Java Stream reduce unexplained behaviour

tangokhi :

Can anyone please point me in the right direction as I cannot understand the issue.

I am executing following method.

private static void reduce_parallelStream() {
    List<String> vals = Arrays.asList("a", "b");

    List<String> join = vals.parallelStream().reduce(new ArrayList<String>(),
            (List<String> l, String v) -> {

                l.add(v);

                return l;
            }, (a, b) -> {                   
                a.addAll(b);
                return a;
            }

    );

   System.out.println(join);

}

It prints

[null, a, null, a]

I cannot understand why does it put two null in the resultant list. I expected the answer to be

[a, b]

as it is a parallel stream so the first parameter to reduce

new ArrayList()

would probably be called twice for each input value a and b.

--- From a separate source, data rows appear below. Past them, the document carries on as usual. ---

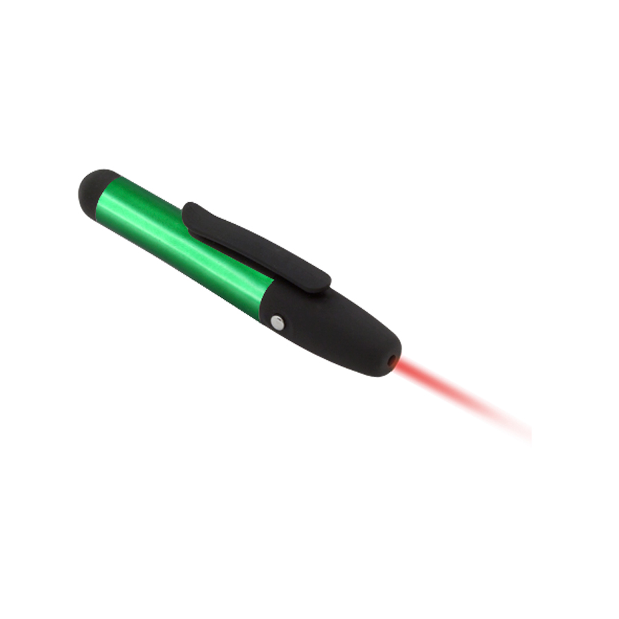 Puntero Láser con Puntero Touch-Screen. Cuerpo de color metalizado. Terminales negros. Presentación en cajita de regalo negra.
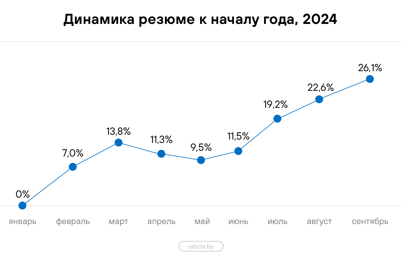 По сравнению с началом года количество резюме, размещенных на сайте rabota.by, в сентябре 2024 года увеличилось на 26,1%. Активность соискателей росла даже в летний период, что нетипично для рынка труда.
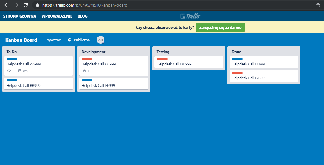 Fascynacja kanbanem jakiś czas temu popchnęła mnie do bliższej znajomości z tym narzędziem. Świetnie się nadaje do zrobienia tablicy kanbanowej dzielonej czy to z własnym zespołem, czy z klientem. To znowu nie jest mój pomysł – jeden klient nas wciągnął do paru projektów na swojej tablicy, pokazał jak działa… i się przyjęło.

Then the accumulator function would probably be called twice as it is a parallelStream and pass each input "a and b" in each call along with the lists provided by seeded value. So a is added to list 1 and b is added to list 2 (or vice versa). Afterwards the combinator will combine both lists but it doesn't happen.

Interestingly, if I put a print statement inside my accumulator to print the value of input, the output changes. So following

private static void reduce_parallelStream() {
    List<String> vals = Arrays.asList("a", "b");

    List<String> join = vals.parallelStream().reduce(new ArrayList<String>(),
            (List<String> l, String v) -> {
                System.out.printf("l is %s", l);
                l.add(v);
                System.out.printf("l is %s", l);
                return l;
            }, (a, b) -> {
                a.addAll(b);
                return a;
            }

    );

   System.out.println(join);

}

results in this output

l is []l is [b]l is [b, a]l is [b, a][b, a, b, a]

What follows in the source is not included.